### Your instructions
The lines below, from the one holding "지난해 7월 29일 오후" through the final line, are to be copied exactly, with no other lines and no pictures.

### Recorded data
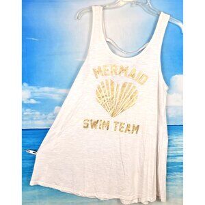 XHILARATION Woman's WHITE Beach Cover MERMAID Swim Team Gold Print size Lg
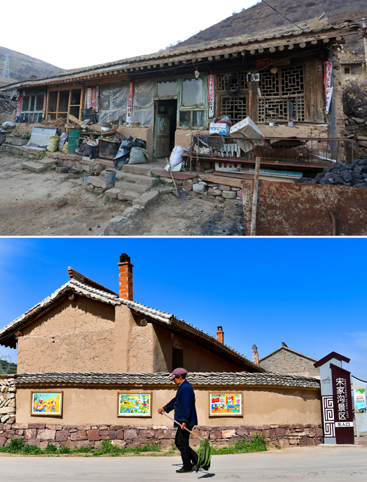 ▲上圖為山西省忻州市岢嵐縣宋家溝村村民在整村搬遷前居住的房屋(資料照片);下圖為山西省忻州市岢嵐縣宋家溝村的房屋。
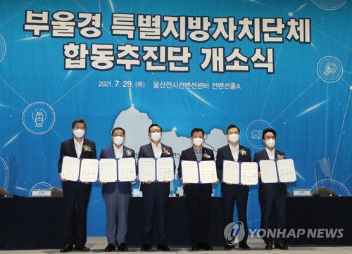 지난해 7월 29일 오후 울산시 울주군 울산전시컨벤션센터에서 열린 부울경 특별지방자치단체 합동추진단 개소식에서 부산·울산·경남 지자체와 지방의회 대표들이 특별지방자치단체 설치 협약을 맺고 기념 촬영하고 있다. [연합뉴스 자료사진] |
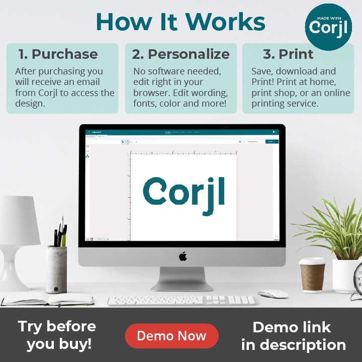After checkout is complete and your payment has processed, You will receive an email within minutes from Corjl at the email address associated with your order. The email will contain a direct link which can be used to access your template in Corjl.Be sure to check your spam or promotions folder if you don’t see the email. PLEASE NOTE: You must sign up for a FREE account at Corjl.com to access your template.

### Response to the exercise
 지난해 7월 29일 오후 울산시 울주군 울산전시컨벤션센터에서 열린 부울경 특별지방자치단체 합동추진단 개소식에서 부산·울산·경남 지자체와 지방의회 대표들이 특별지방자치단체 설치 협약을 맺고 기념 촬영하고 있다. [연합뉴스 자료사진] |
After checkout is complete and your payment has processed, You will receive an email within minutes from Corjl at the email address associated with your order. The email will contain a direct link which can be used to access your template in Corjl.Be sure to check your spam or promotions folder if you don’t see the email. PLEASE NOTE: You must sign up for a FREE account at Corjl.com to access your template.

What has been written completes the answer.